These structural trends are reflected in GMT’s strong leasing results, contributing to the
2.9% increase in cash earnings to 6.40 cents per unit.
With the risks of COVID-19 in New Zealand being contained, the economic outlook has
improved. Guidance for FY22 reflects a 4% increase in cash earnings and a corresponding
increase in cash distributions to at least 5.5 cents per unit.

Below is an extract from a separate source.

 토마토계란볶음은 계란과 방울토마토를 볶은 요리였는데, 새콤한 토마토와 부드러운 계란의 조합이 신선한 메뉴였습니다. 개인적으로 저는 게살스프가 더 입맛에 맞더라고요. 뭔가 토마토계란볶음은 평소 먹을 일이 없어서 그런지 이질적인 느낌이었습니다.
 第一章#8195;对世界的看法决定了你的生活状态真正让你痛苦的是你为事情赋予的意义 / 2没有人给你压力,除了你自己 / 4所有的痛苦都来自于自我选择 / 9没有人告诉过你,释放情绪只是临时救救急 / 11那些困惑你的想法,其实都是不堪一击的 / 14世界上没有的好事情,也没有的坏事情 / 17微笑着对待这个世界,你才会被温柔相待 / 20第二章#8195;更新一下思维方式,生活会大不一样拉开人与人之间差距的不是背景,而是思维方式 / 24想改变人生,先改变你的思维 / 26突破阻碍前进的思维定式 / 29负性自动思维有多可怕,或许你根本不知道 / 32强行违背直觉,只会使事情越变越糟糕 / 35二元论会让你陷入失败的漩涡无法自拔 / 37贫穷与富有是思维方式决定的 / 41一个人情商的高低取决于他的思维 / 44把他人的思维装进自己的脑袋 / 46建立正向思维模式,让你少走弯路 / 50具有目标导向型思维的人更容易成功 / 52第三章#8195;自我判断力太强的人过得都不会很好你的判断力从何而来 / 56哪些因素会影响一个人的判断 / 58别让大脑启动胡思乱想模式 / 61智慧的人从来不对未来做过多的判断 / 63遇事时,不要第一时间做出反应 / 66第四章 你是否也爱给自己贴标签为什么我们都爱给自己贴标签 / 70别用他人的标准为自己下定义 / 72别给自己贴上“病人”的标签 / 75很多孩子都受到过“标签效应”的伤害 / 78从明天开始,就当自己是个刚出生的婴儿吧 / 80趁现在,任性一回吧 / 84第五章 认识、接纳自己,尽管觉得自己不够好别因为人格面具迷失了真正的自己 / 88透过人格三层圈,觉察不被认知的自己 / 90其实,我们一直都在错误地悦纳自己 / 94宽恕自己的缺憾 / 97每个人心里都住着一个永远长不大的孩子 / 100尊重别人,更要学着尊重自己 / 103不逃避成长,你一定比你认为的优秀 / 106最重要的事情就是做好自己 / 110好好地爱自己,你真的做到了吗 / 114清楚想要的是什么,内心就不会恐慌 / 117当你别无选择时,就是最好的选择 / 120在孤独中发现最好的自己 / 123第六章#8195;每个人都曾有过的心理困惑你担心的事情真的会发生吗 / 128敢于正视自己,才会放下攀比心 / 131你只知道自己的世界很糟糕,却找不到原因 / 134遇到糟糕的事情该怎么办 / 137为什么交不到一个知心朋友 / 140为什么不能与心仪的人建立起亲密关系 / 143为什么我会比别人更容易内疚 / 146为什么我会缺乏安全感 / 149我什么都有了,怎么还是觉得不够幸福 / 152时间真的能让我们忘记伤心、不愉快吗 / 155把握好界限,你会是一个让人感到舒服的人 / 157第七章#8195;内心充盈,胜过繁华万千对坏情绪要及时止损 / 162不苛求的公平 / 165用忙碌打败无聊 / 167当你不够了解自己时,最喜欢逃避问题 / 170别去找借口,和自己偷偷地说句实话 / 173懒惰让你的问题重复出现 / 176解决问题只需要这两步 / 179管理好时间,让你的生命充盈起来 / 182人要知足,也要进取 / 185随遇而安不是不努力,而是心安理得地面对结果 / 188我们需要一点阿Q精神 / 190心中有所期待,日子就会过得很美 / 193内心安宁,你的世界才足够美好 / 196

Further information is provided in the GMT and GMT Bond Issuer Limited Annual Report
2021. A copy of the report, which was released today, has been provided to the NZX and
is available online at www.goodmanreport.co.nz
.
Sustainable growth
A sustainable operating model is essential if an organisation is to be successful over the
long-term.
John Dakin said, “This year we have increased our efforts and made new commitments in
key areas, including environmental sustainability. Becoming Toitū carbonzero certified
means the business is now proudly carbon neutral, four years ahead of schedule.”
A detailed carbon reduction and management plan will guide the business toward its
targeted 19% reduction in absolute greenhouse gas emissions by 2025.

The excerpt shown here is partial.